La montagne ne peut se résumer à un simple accident géomorphologique. Elle est depuis longtemps un enjeu majeur de la société française. Au départ, elle n’était qu’un no man’s land aux marges du territoire, un espace sauvage et hostile qui ne sera réellement exploré et conquis qu’au XVIIIème siècle par une première vague de touristes (scientifiques, alpinistes…). A partir de cette époque pionnière, la montagne va être considérée comme un capital à exploiter.
Si l’agriculture décline et qu’un exode rural se développe, on va tout de même essayer d’en faire un territoire prospère. Dans un premier temps, cela passe par l’industrialisation : mine, métallurgie, électricité hydraulique… Dans un second temps, on va découvrir avec le ski alpin un nouvel “ or blanc ”. Pour sauver l’économie montagnarde, on va chercher à valoriser les ressources immenses que semble offrir la neige. Les années soixante vont voir se multiplier les stations de sports d’hiver dont les équipements massifs et coûteux vont lourdement marquer les paysages.
Mais ce mouvement va vite trouver ses limites. D’abord les aménagements ne se révèlent pas aussi rentables que prévu. Ensuite, dès les années soixante-dix, des voix s’élèvent pour refuser le “ tout tourisme ” d’hiver et son impact écologique.
Face à l’urbanisation du milieu montagnard, on va créer un habitat rustique et des parcs nationaux. Ces sanctuaires sont censés préserver la nature à l’état originel. Le milieu montagnard acquiert alors une fonction éducative, permettant de s’y ressourcer et d’y découvrir une faune et une flore originale.
Face à la dictature du ski alpin, on va diversifier les activités de pleine nature. Ces dernières vont exploser dans les années quatre-vingt : augmentation du nombre de pratiquants, multiplication des disciplines. Faisant fi des remontées mécaniques, beaucoup d’entre elles passent par un contact direct avec le milieu naturel (randonnée pédestre, en raquette, ski de fond, escalade, canyonisme…). Exigeant moins d’équipement, elles sont au demeurant beaucoup moins coûteuses, donc accessibles à une population moins aisée.

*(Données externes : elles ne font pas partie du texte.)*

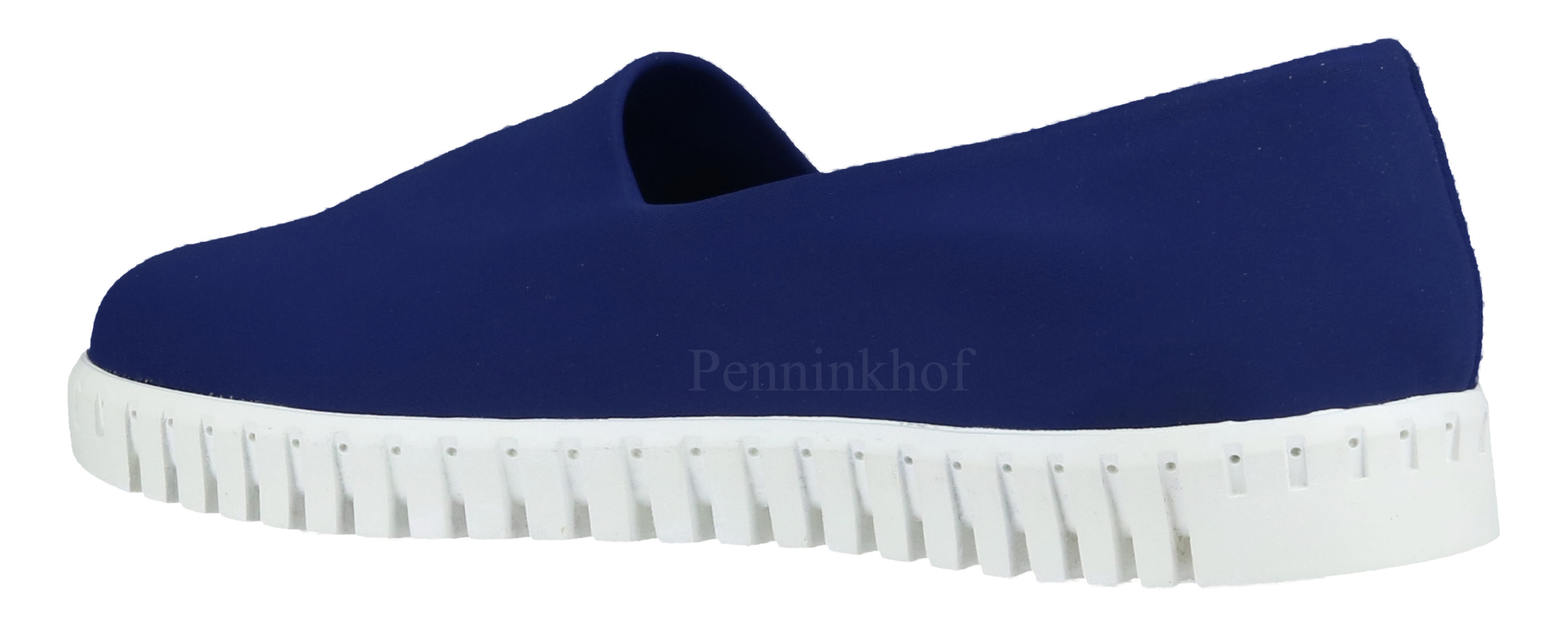 An slip-on from Panara in the color cobalt blue. The fabric is elastic and fits nicely on the foot. The white sole is roughly ribbed.

Face à la logique sportive hivernale, on va réhabiliter les traditions locales et valoriser un tourisme estival. Le tourisme “ vert ” n’est plus seulement sportif, il se veut culturel. Ainsi le patrimoine montagnard va être revalorisé à travers les musées, les marchés locaux (et les productions de terroir), cérémonies, gastronomie, architecture…
Cherchant une articulation harmonieuse entre société, économie et environnement, ce mouvement peut être qualifié de tourisme durable. Et c’est pleinement dans cette tendance que s’inscrit le projet de l’association Montagne Pour Tous.